According to the most widespread Serb historical stand the Kosovo of today had been a central territory of medieval Serbia ever since Slav occupation, moreover, it was the cradle of Serb culture itself. Later on it was the centre of the Balkan Empire of Tsar Dušan (1331–1355) (see the headquarters of the Tsar’s Court at Prizren). It was an area of Serb (Slav) majority during the entire course of the Middle Ages and Albanians occurred only accidentally (in fact Serb historians dealing with the Middle Ages try to ignore their presence). The experience of constituting a state, however, cannot only be linked to the Nemanja dynasty for in the first part of the 15th century (up to the fall of Novo Brdo in 1455) an autonomous Serb state was also established by Vuk and Đurađ Branković (the latter one known as György Brankovics in Hungarian history).
On the other hand Albanian historiography considers the Albanians of Kosovo as descendants of the Dardan tribe of Illyrians who had even fought against Alexander the Great and see Kosovo as the successor of Dardania (see one of the banners often used by the Albanians of Kosovo).
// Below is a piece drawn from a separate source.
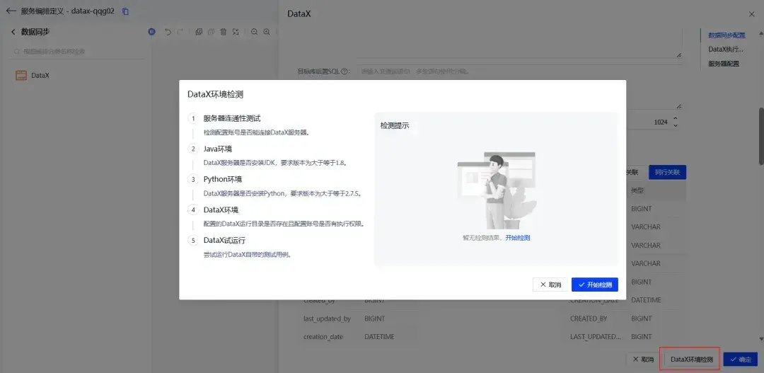 該功能提供一鍵式的自動化檢查,在任務執行前對運行環境進行全面的健康檢測,主動發現並排除環境隱患,有效避免任務因環境問題而失敗,確保DataX數據同步任務的穩定性和可靠性。

In other words, the Albanians consider themselves as autochthonous and acknowledge the presence of Serbs only from the Slav conquest on. It can be definitely stated that the descent from the Dardani is one of the key elements of the identity of the Kosovo Albanians, and getting acquainted with the history of the Dardani represents a prominent field of research for Albanian historiography as well as archaeology (to this see the Albanian historical annals entitled Gjurmime albanologjike published in Kosovo since 1966).
Today non-Serb and non-Albanian historiography accepts that Serbian presence had been continuous on the territory of today’s Kosovo since the 7th century. As far as I know, there has been no consensus (and none could be reached) among historians concerning the exact historical moment/period from which a Slav ethnic community can be regarded as Serb, Croat, Pole, etc. For the time being the only thing that we know is that the first historical source mentioning ‘Serbs’ is De administrando imperio written/collected by Constantinus Porphyrogenetus2 which locates the first Serb polities (zhupas) on the territory of present-day Herzegovina, the Sandžak and Montenegro (Hum/ Zahumlje/Humska Zemlja, Trebinje/Travunia, Dioklea/Duklja, etc.) Chapter 32 of that work mentions that the border city between Serbs and Bulgarians (on the Bulgarian side) was ‘Rascia’ (Raš) to be found in today’s Western Serbia, which became the name of the Zhupanate of Raška (Rascia in Latin) formed later on (and was the core of the Medieval Orthodox Serb state)3. It can be stated, accordingly, that ever since there is a written source available on Serb history, according to our present knowledge Kosovo could not be the cradle of Serb culture.
The territory of Kosovo was acquired by the Serbian state in the wake of the weakening of the first Bulgarian Empire and the growing strength of the great Zhupan known by Hungarians as Stephen Nemanja, the lord of Raška after the battle of Pantin (northwest of Priština/Prishtina) in 1168 between the Byzantines and Serbs. From then on it was part of Serbia up to the Ottoman conquest; and from the 1200s onwards the focus of the state was truly shifted to this place since, in contrast with the first known ethnic Serb territories, there were significantly fortified (Byzantine) towns here that could even function as royal seats from 1217 on.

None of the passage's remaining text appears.